# Aquarium in Apartment



## rday (Mar 10, 2003)

I'm going to be moving into a new apartment in June and I want to set up a big (90-125) gallon tank when I move. How much of a concern is the weight? The odds of living on the first floor are probably slim, its hard to be picky and cheap. Is there a way of knowing whether an aquarium of this size will be possible without knowing exactly where I'll be and checking the place out? Thanks...


----------



## InSinUAsian (Jan 3, 2003)

Well, checking the place out is a must. You want to place the tank along a load supporting wall. This will ensure that your floor will be more then strong enough. You also want to place your tank perpendicular to the direction of the floor support.

Just to give you an idea, I have a 180 on the 3rd floor of an apartment. Hopefull all stays okay been okay for a few months now.
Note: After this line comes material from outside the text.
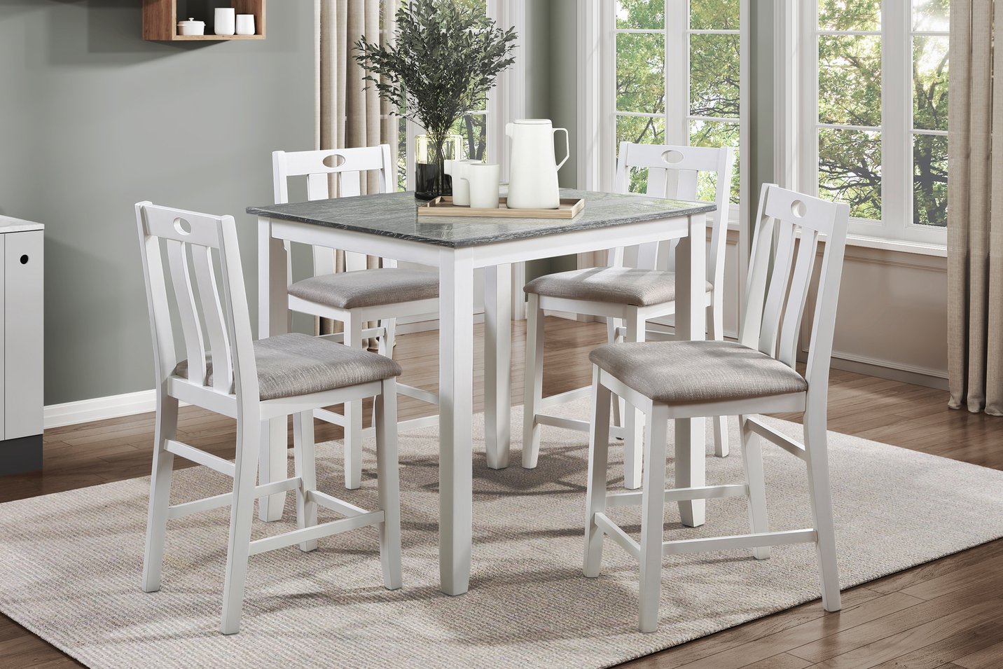 Bring casual charm and coastal-inspired contrast to your dining space with this 5-piece counter-height set. The Lowell Collection combines a bright white finish with weathered gray over oak veneer for a fresh, relaxed look that complements modern farmhouse and transitional interiors. This set includes a square counter-height table and four fabric-upholstered chairs — designed for comfort, durability, and easy everyday entertaining.

But then again, I have it against a load bearing wall. (just incase, load bearing wall = outside wall of apartment, or wall you are sure has suficient support since a 125 gallon tank can weigh 1,250 pounds easy) Other then that I would not worry too much about it. Floors, even in apartments, are quite strong.

~Dj


----------



## MPower (Jan 29, 2003)

I had my 125g upstairs in my room. It was fine.


----------



## Petzl88 (Feb 5, 2003)

It shouldn't be a problem. Put it against an outside wall like above said, and perpendicular to the floor studs.

I would definately ask the landlord.


----------



## SnowCichlid. (Jan 10, 2003)

Just ask the landlord of weight capacities of the floor you are on.... chances are unless its a complete dump that you are going to be more than fine :smile:


----------



## NIKE (Jan 27, 2003)

i have a 125gal on the third floor of a nine story block. you can just ask your landlord if it's okay if you can have a water bed. if they say yes that means your floors are ok and leak proof but i would also do like above and find a good area not infront of direct sunlight and purchase appartment insurance i pay $175.00 anually which covers spills


----------



## GARGOYLE (Feb 12, 2003)

apartment insurance is a must.


----------



## pcrose (Mar 9, 2003)

It is a good idea I would go with the first floor because sometimes the filters produce heavy vibrations and you might get complaints from your neighbors.


----------